* PROBLEM
Every line from the one with "cm *Peso aprox.: 2.5" up to and including the one with "在被皇马6-0血洗后第18小" is to be output exactly as it appears below; pictures are not.

* GIVEN INFORMATION
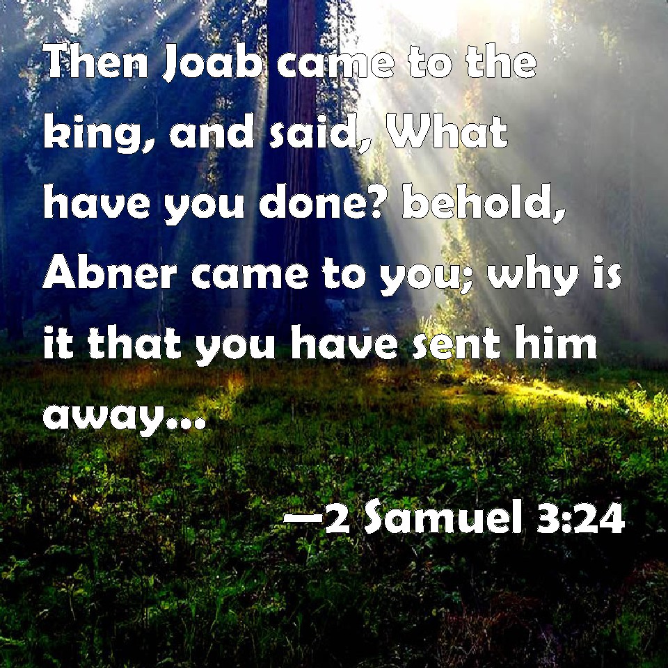 Choose a Background 2 Samuel 3:24 Then Joab came to the king, and said, What have you done? behold, Abner came to you; why is it that you have sent him away, and he is quite gone? KJV: Then Joab came to the king, and said, What hast thou done? behold, Abner came unto thee; why is it that thou hast sent him away, and he is quite gone? DRB: And Joab went in to the king, and said: What hast thou done? Behold Abner came to thee: Why didst thou send him away, and he is gone and departed? DBT: Then Joab came to the king, and said, What hast thou done? behold, Abner came to thee; why is it that thou hast sent him away, and he is gone? ERV: Then Joab came to the king, and said, What hast thou done? behold, Abner came unto thee; why is it that thou hast sent him away, and he is quite gone? WBT: Then Joab came to the king, and said, What hast thou done? behold, Abner came to thee; why is it that thou hast sent him away, and he is quite gone? WEB: Then Joab came to the king, and said, "What have you done? Behold, Abner came to you. Why is it that you have sent him away, and he is quite gone? YLT: And Joab cometh unto the king, and saith, 'What hast thou done? lo, Abner hath come unto thee! why is this — thou hast sent him away, and he is really gone?Links 2 Samuel 3:24 NIV • 2 Samuel 3:24 NLT • 2 Samuel 3:24 ESV • 2 Samuel 3:24 NASB • 2 Samuel 3:24 KJV • 2 Samuel 3:24 Interlinear • 2 Samuel 3:24 Commentaries • 2 Samuel 3:24 Parallel Texts • 2 Samuel 3:24 Bible Apps • 2 Samuel 3:24 Parallel • Bible Hub |
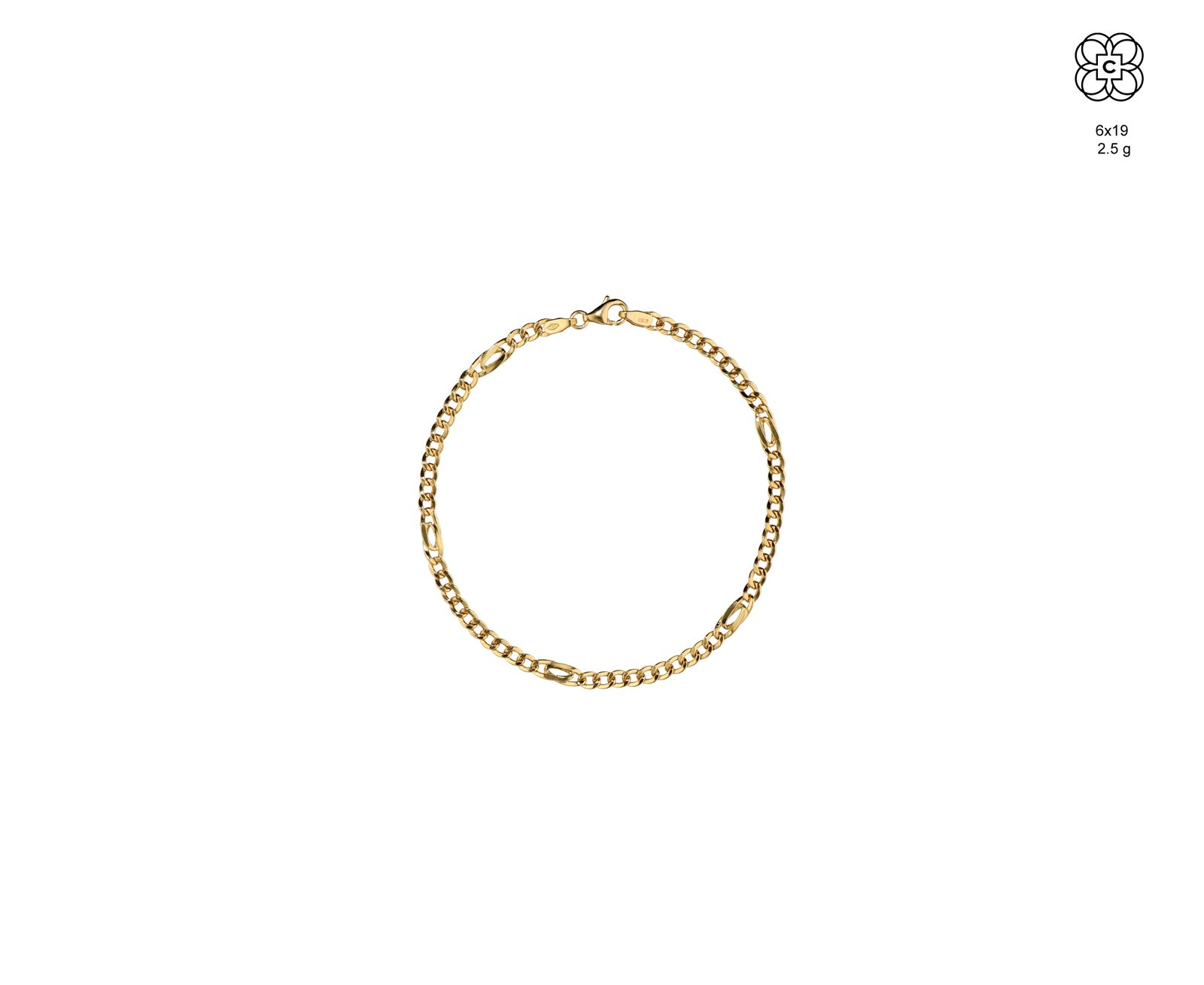 *Pulsera *Material: Oro 18K *Color del Metal: Amarillo *Tamaño: 19 cm *Peso aprox.: 2.5
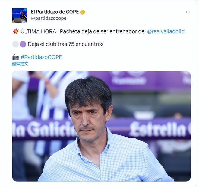 在被皇马6-0血洗后第18小时,西甲球队巴拉多利德官宣解雇主帅帕切塔,双方结束641天的合作。
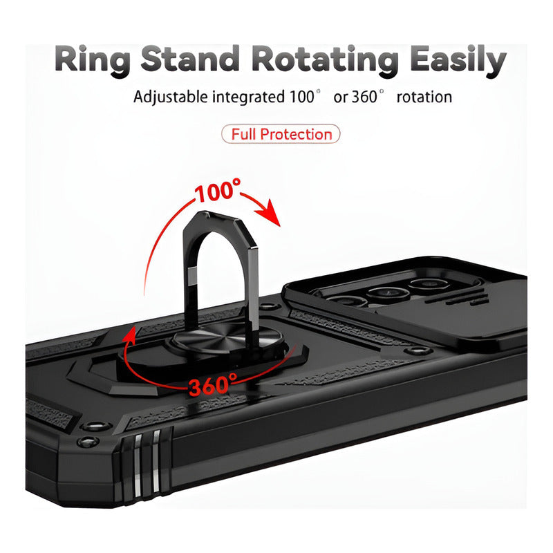 - Cuenta con soporte tipo anillo para evitar caídas imprevistas. - El anillo se adapta a cualquier soporte magnético de auto. - El anillo gira en 360º, esto permite poner el teléfono en diferentes posiciones. - Cubre los bordes y botones. Sin dejarlos duros y molestos. - Resistente a golpes y caídas.
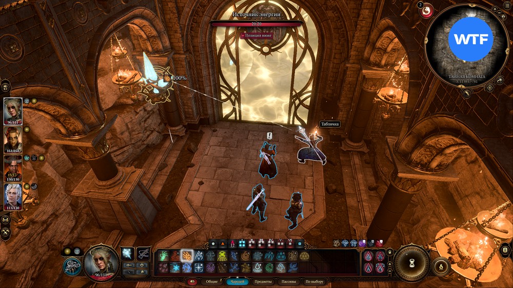 Внутри Тайной комнаты вам нужно отключить несколько барьеров, чтобы добраться до легендарной булавы Кровь Латандера. Для прохода через первую завесу, просто разломайте синий кристалл, который является источником энергии.
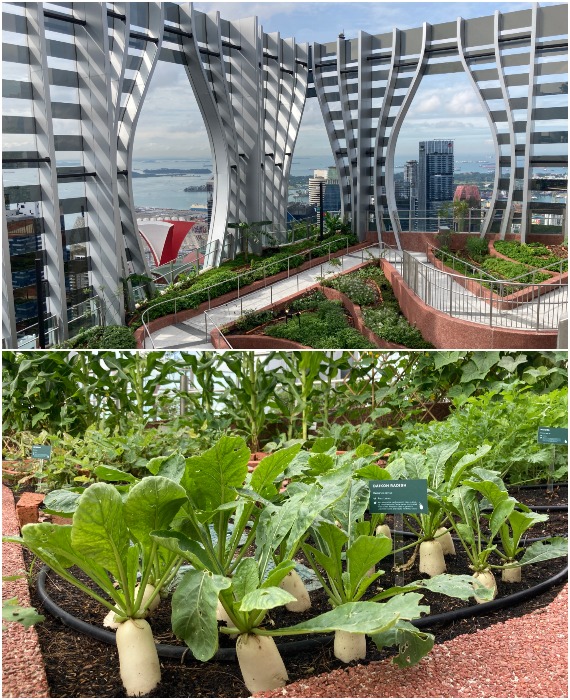 На крыше небоскреба разбиты грядки, где горожане могут увидеть, как растут овощи и зелень (CapitaSpring, Сингапур).

* TASK OUTPUT
 *Pulsera *Material: Oro 18K *Color del Metal: Amarillo *Tamaño: 19 cm *Peso aprox.: 2.5
 在被皇马6-0血洗后第18小时,西甲球队巴拉多利德官宣解雇主帅帕切塔,双方结束641天的合作。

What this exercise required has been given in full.